The Gulf business hub overtook Costa Rica, which came third in the 2024 index after ranking first for the three previous consecutive years. The Central American country’s lower standing was the result of strong GDP growth of 5.1% in 2023 and a slight year-on-year decline in FDI projects from an all-time high set in 2022.

The small Balkan country of Montenegro was a new entrant in the 2024 index (having surpassed the inclusion threshold of attracting at least 10 FDI projects in a year) and placed second with a score of 11.3. Another new entrant was the microstate of Monaco, which placed fourth after attracting 10 FDI projects with a GDP of $8.95bn in 2023. Every country’s nominal GDP data was sourced from the IMF, apart from Monaco’s figures which came from the World Bank.

Half of the top 10 in the ranking — namely Montenegro, Monaco, Kosovo, North Macedonia and Rwanda — recorded a GDP of less than $20bn in 2023, underlining the ability of smaller and emerging markets to target and attract FDI projects for their development.

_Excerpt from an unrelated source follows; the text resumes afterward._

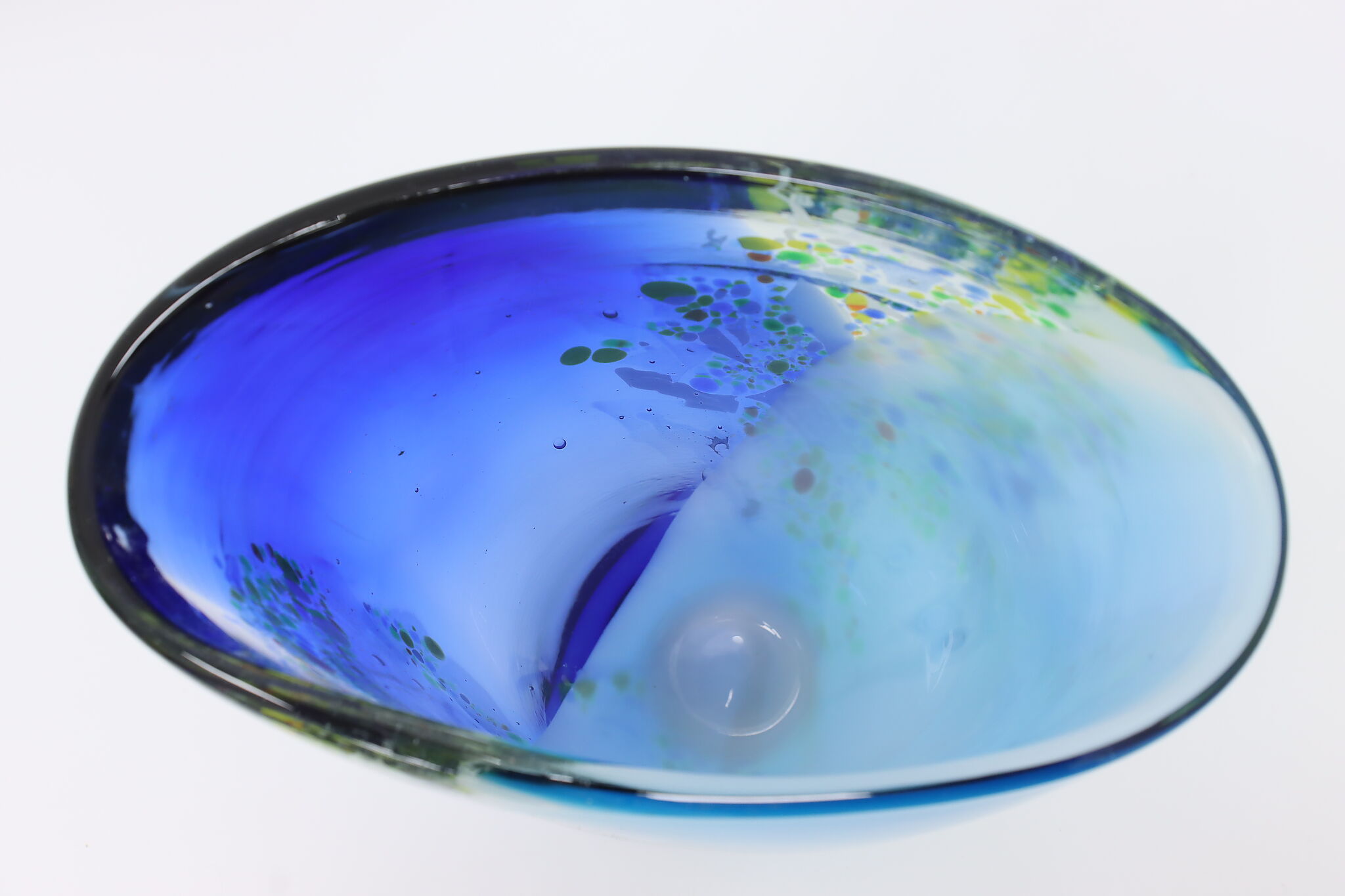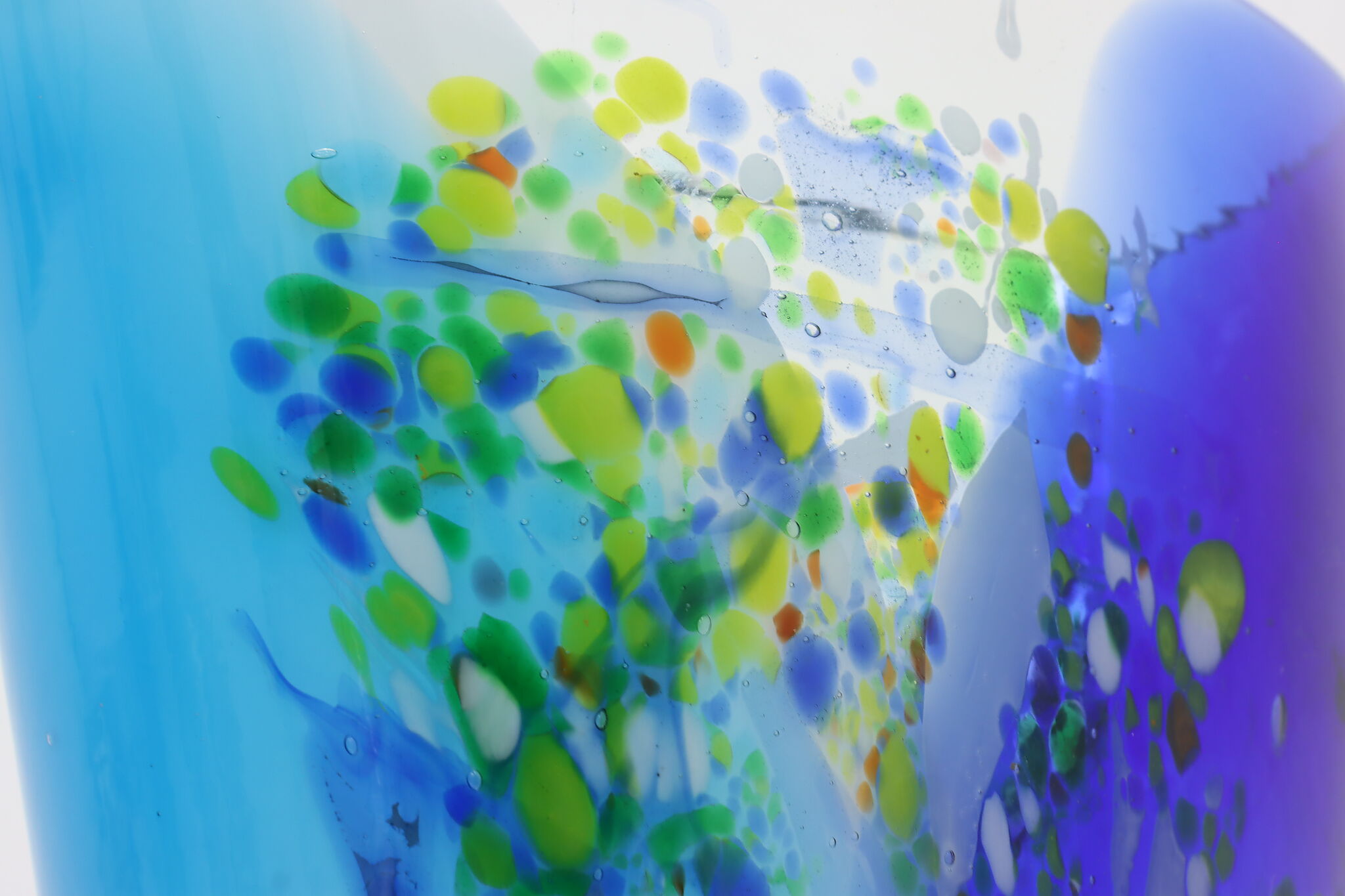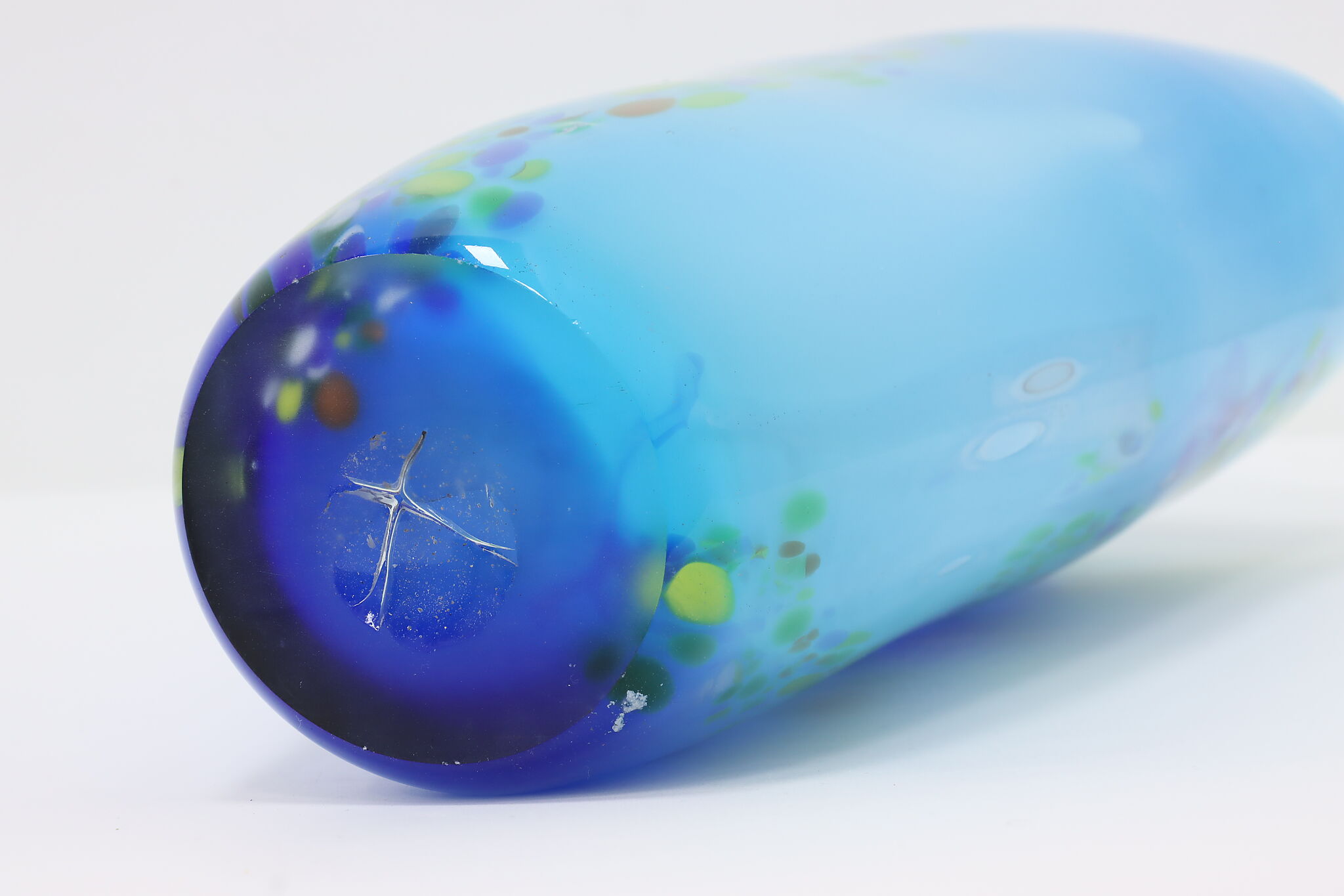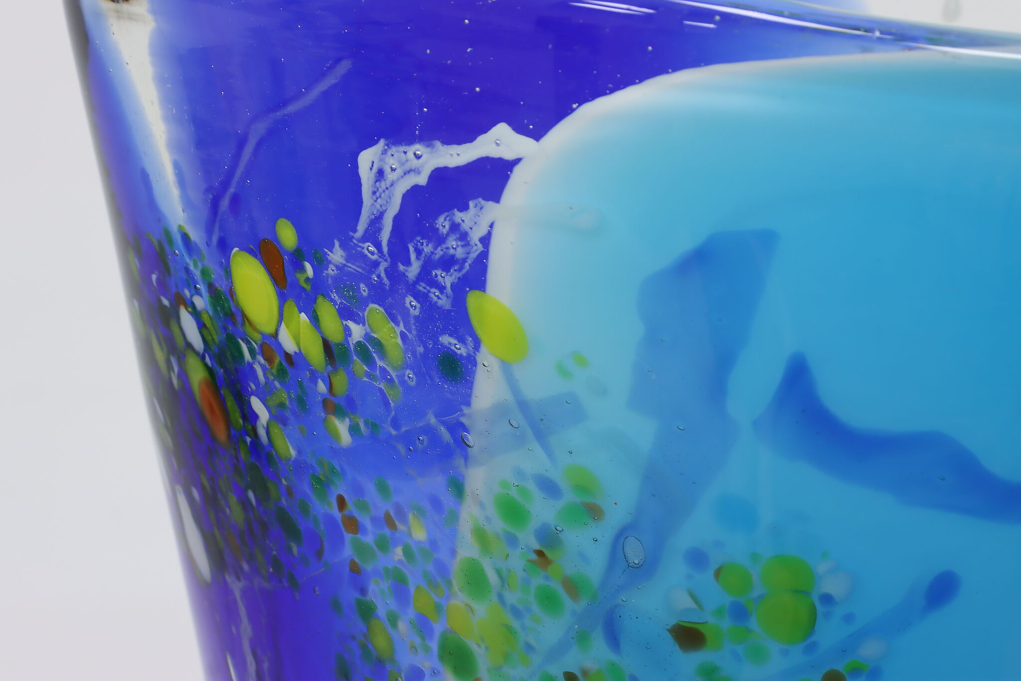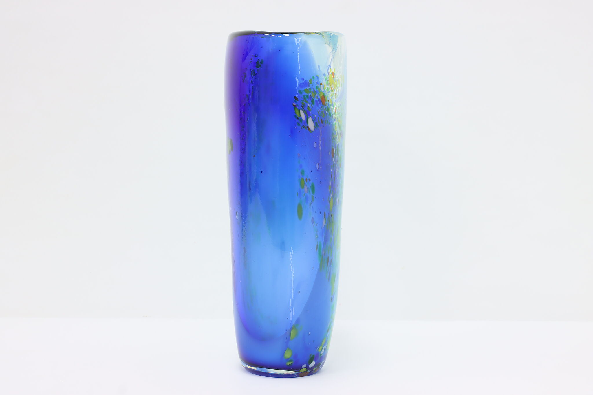 The gorgeous blues of this Murano art glass vase is perfectly complimented by the orange, yellow, and green speckles.

Just three countries among the top 20 best FDI performers in 2023 — the Asian city-state Singapore, Latvia in the Baltics and the Iberian country of Portugal — are classified as advanced economies by the IMF. Changes in the relative FDI performance of countries this year were calculated by comparing the new 2023 score, with revised 2022 scores based on the most up-to-date GDP and FDI figures.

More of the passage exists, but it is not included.